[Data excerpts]

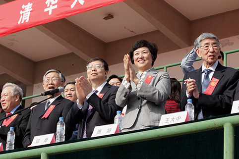 校领导陈旭、程建平、谢维和、韩景阳、史宗恺、邓卫、姜胜耀、薛其坤、吉俊民、杨斌,校长助理尤政,学校老领导方惠坚、王大中、顾秉林、王明旨、张思敬、张慕葏、黄圣伦、倪维斗、胡显章、朱爱菁、叶宏开、张再兴、郑燕康、康克军,学校相关部处、参赛院系负责人,清华师生代表,返校校友们和北京优秀中学生代表也出席了开幕式。开幕式由体育部主任刘波主持。
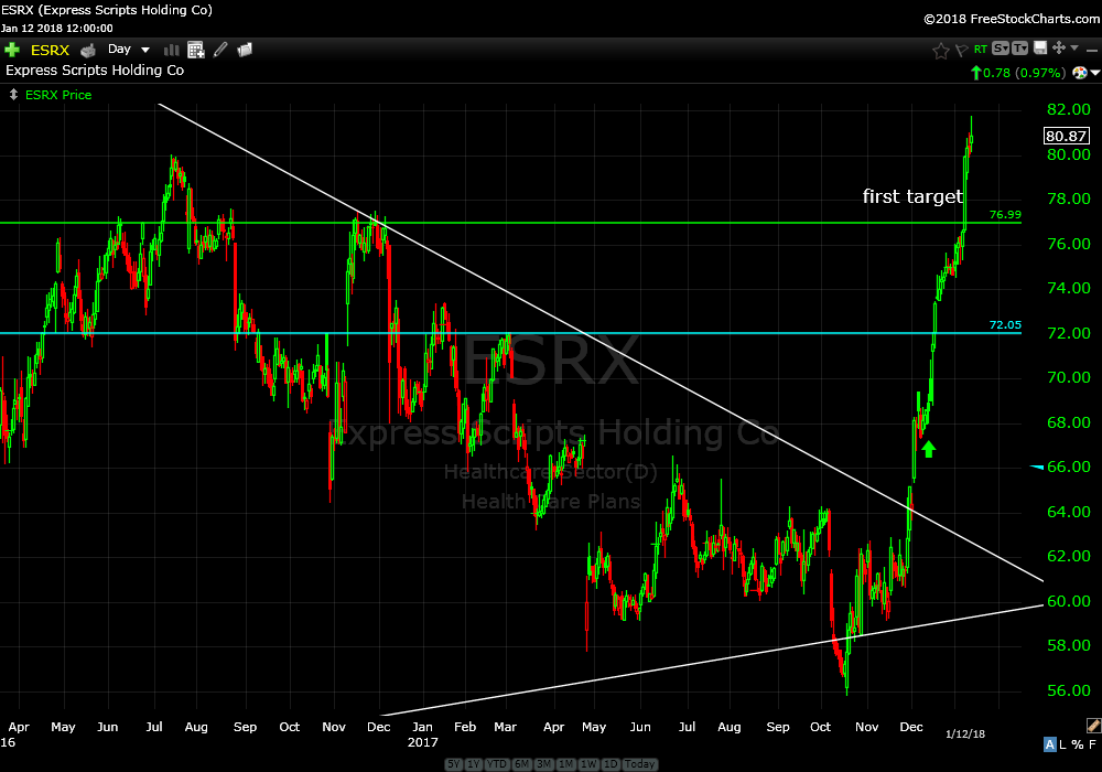 I recommended Express Scripts Holding Co (ESRX) on December 14th, one month ago.
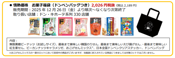 2026年1月1日の初売りを待たずに、年内から購入できる福袋も登場します。情熱価格「お菓子福袋(ドンペンバッグつき)」が先行販売されます。
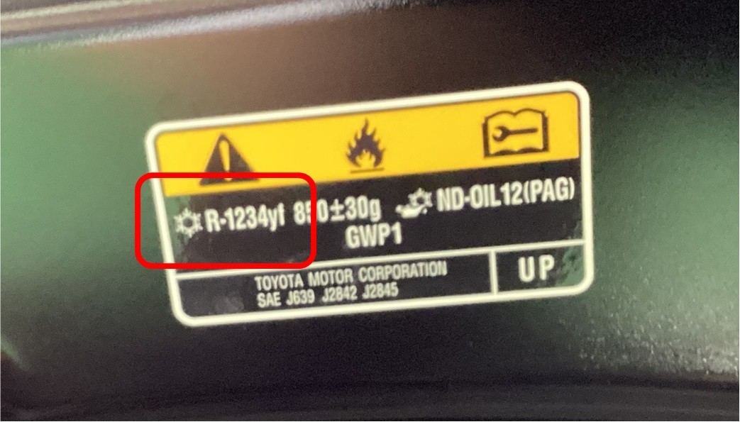 まずはボンネットを開けて、このクルマがR1234yfガスで合っているのか確認します。
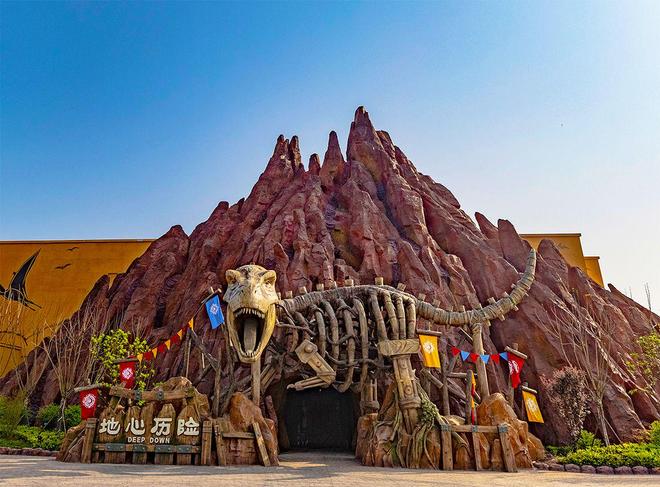 从《恐龙危机》出来以后,继续往右前方走,这里有两个不能错过的项目:《穿越火山》(悬挂过山车)和《地心历险》,推荐先玩地心,这个项目太受欢迎了,如果先玩过山车的话后面要排大长队。
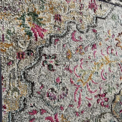The rug looks exactly like the picture and came in perfect condition. It's a beautiful pattern and comfortable to walk on, also easy to vaccum. I've gotten many compliments on it and am very pleased with my purchase.
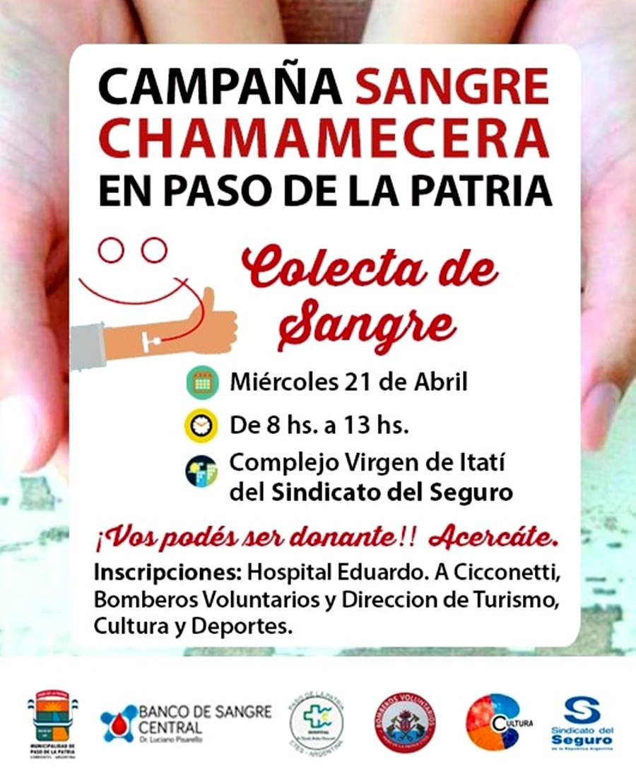 Colecta de sangre “Sangre Chamamecera” el próximo miércoles 21 de abril en Paso de la Patria.
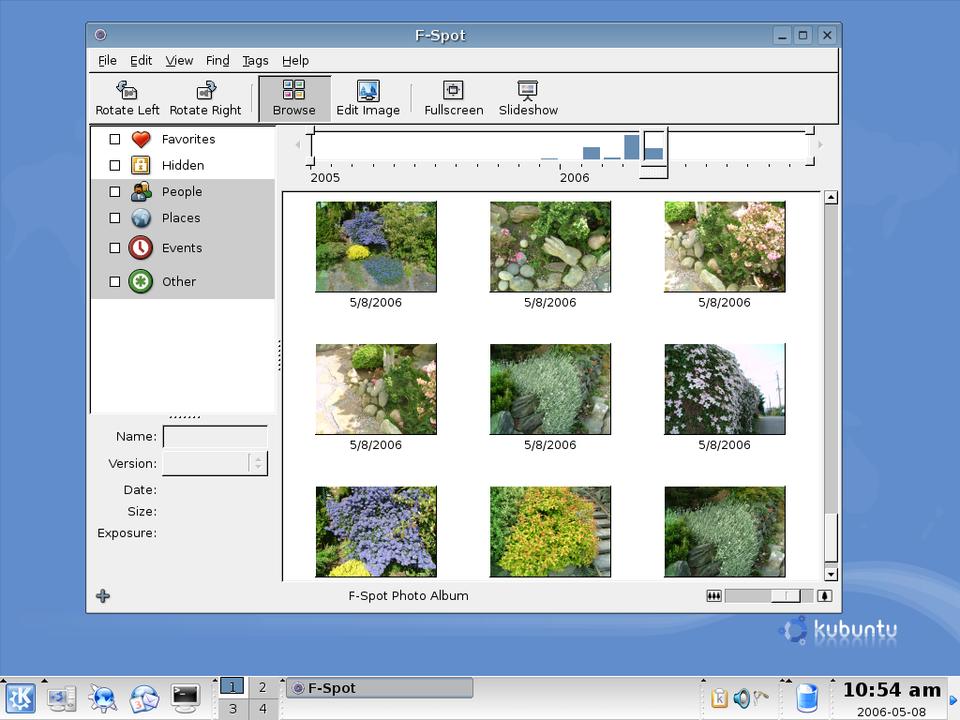 Figure 4. F-Spot showing downloaded images—note the time-line bar across the top.
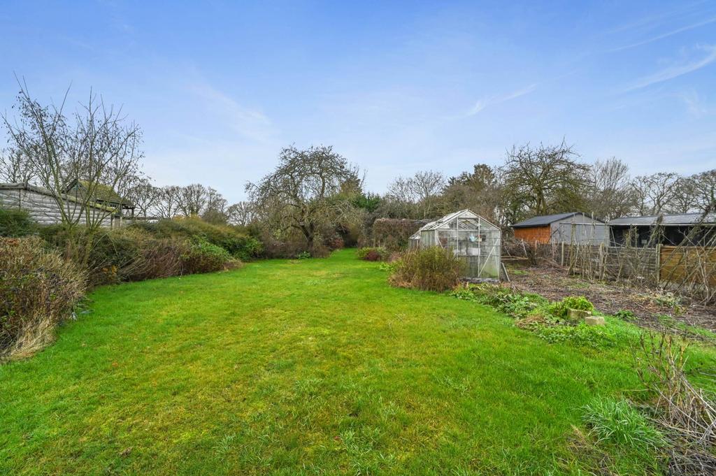 The property is approached via a substantial shingle driveway providing ample off road parking. The driveway continues to the rear, offering vehicular access to a double garage along with additional storage space.
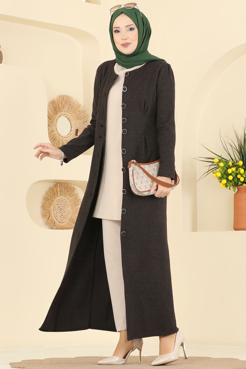 Önü Düğmeli Balıksırtı Elbise 24008UKB139-MS Kahve
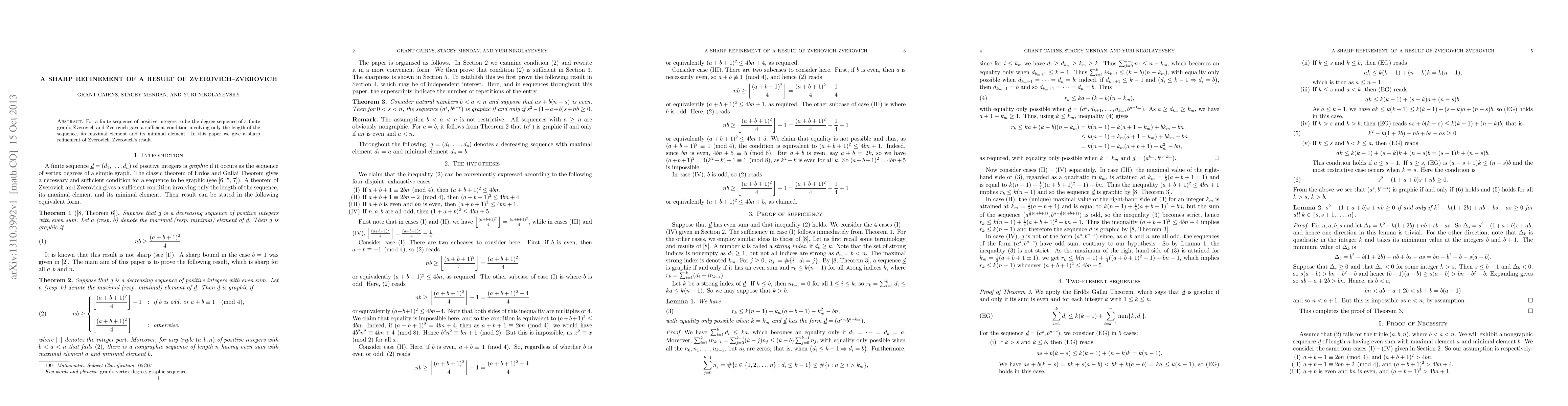 For a finite sequence of positive integers to be the degree sequence of a finite graph, Zverovich and Zverovich gave a sufficient condition involving only the length of the sequence, its maximal element and its minimal element. In this paper we give a sharp refinement of Zverovich--Zverovich's result.
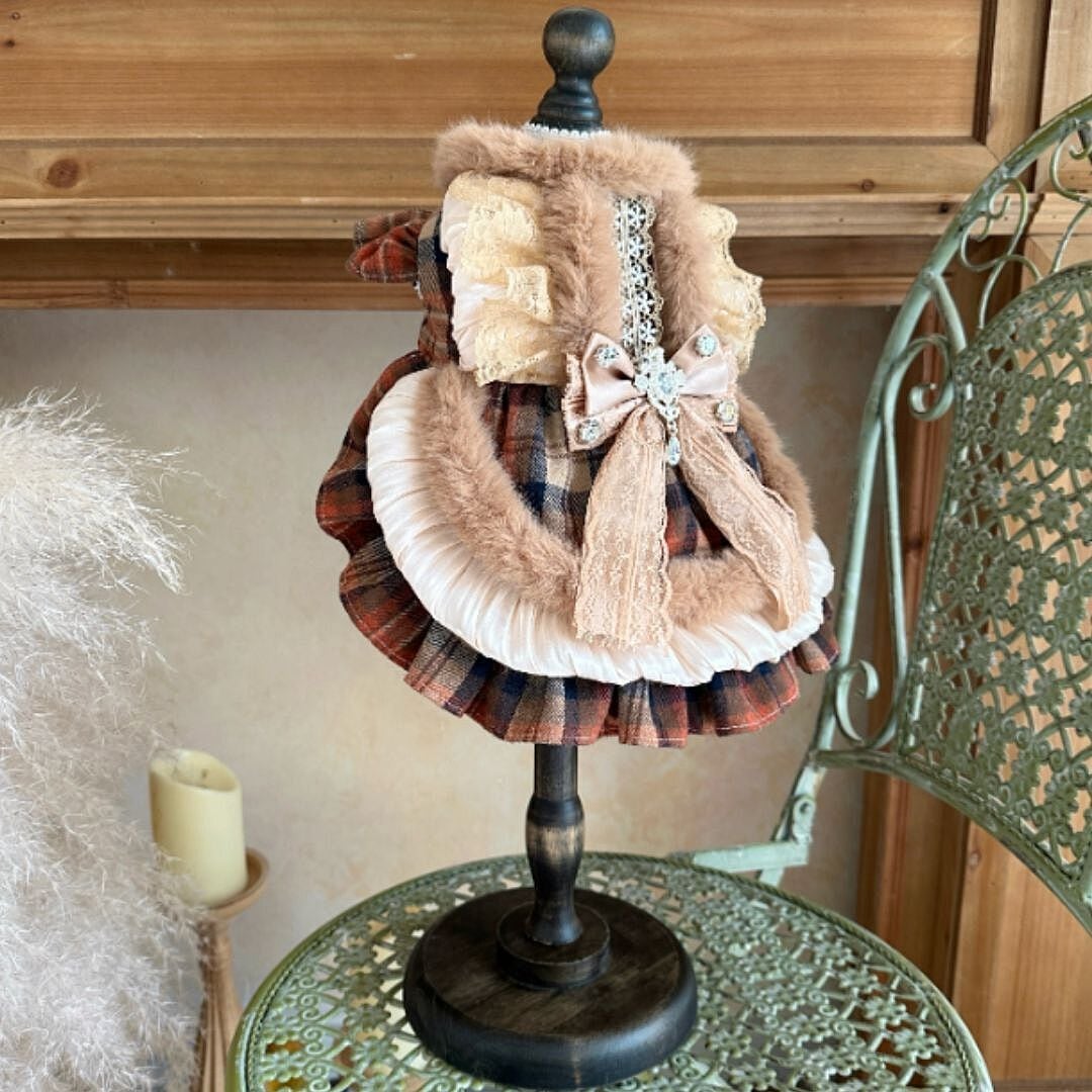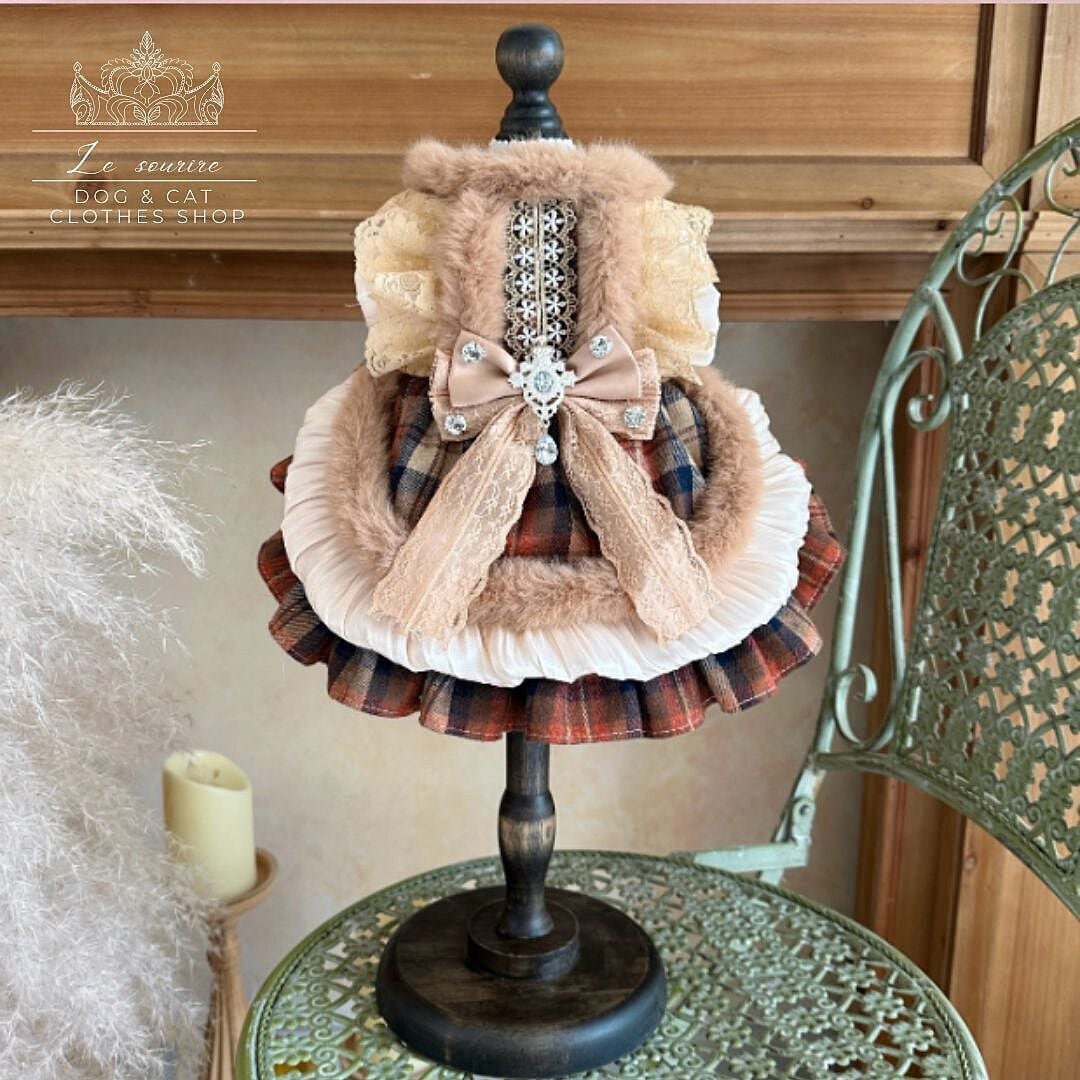 予約【№B07075】ブラッシュドチェック フェイクファー フレアワンピ
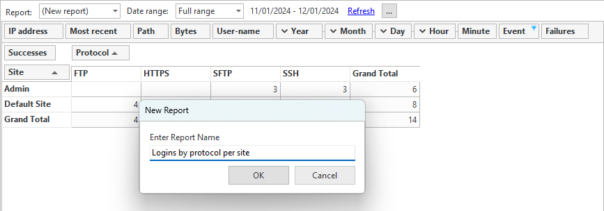 Save the report with a descriptive name, such as "Logins by protocol per site".
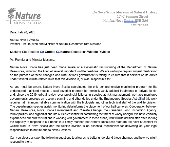 Nature Nova Scotia to Premier Houston & Minister of Natural Resources Kim Masland: Seeking Clarity On Gutting Of Natural Resources Wildlife Division

• **Task directions**: Above are the entries; write them out again exactly, omitting the pictures.

• **Solution to the problem**:
 校领导陈旭、程建平、谢维和、韩景阳、史宗恺、邓卫、姜胜耀、薛其坤、吉俊民、杨斌,校长助理尤政,学校老领导方惠坚、王大中、顾秉林、王明旨、张思敬、张慕葏、黄圣伦、倪维斗、胡显章、朱爱菁、叶宏开、张再兴、郑燕康、康克军,学校相关部处、参赛院系负责人,清华师生代表,返校校友们和北京优秀中学生代表也出席了开幕式。开幕式由体育部主任刘波主持。
 I recommended Express Scripts Holding Co (ESRX) on December 14th, one month ago.
 2026年1月1日の初売りを待たずに、年内から購入できる福袋も登場します。情熱価格「お菓子福袋(ドンペンバッグつき)」が先行販売されます。
 まずはボンネットを開けて、このクルマがR1234yfガスで合っているのか確認します。
 从《恐龙危机》出来以后,继续往右前方走,这里有两个不能错过的项目:《穿越火山》(悬挂过山车)和《地心历险》,推荐先玩地心,这个项目太受欢迎了,如果先玩过山车的话后面要排大长队。
The rug looks exactly like the picture and came in perfect condition. It's a beautiful pattern and comfortable to walk on, also easy to vaccum. I've gotten many compliments on it and am very pleased with my purchase.
 Colecta de sangre “Sangre Chamamecera” el próximo miércoles 21 de abril en Paso de la Patria.
 Figure 4. F-Spot showing downloaded images—note the time-line bar across the top.
 The property is approached via a substantial shingle driveway providing ample off road parking. The driveway continues to the rear, offering vehicular access to a double garage along with additional storage space.
 Önü Düğmeli Balıksırtı Elbise 24008UKB139-MS Kahve
 For a finite sequence of positive integers to be the degree sequence of a finite graph, Zverovich and Zverovich gave a sufficient condition involving only the length of the sequence, its maximal element and its minimal element. In this paper we give a sharp refinement of Zverovich--Zverovich's result.
 予約【№B07075】ブラッシュドチェック フェイクファー フレアワンピ
 Save the report with a descriptive name, such as "Logins by protocol per site".
 Nature Nova Scotia to Premier Houston & Minister of Natural Resources Kim Masland: Seeking Clarity On Gutting Of Natural Resources Wildlife Division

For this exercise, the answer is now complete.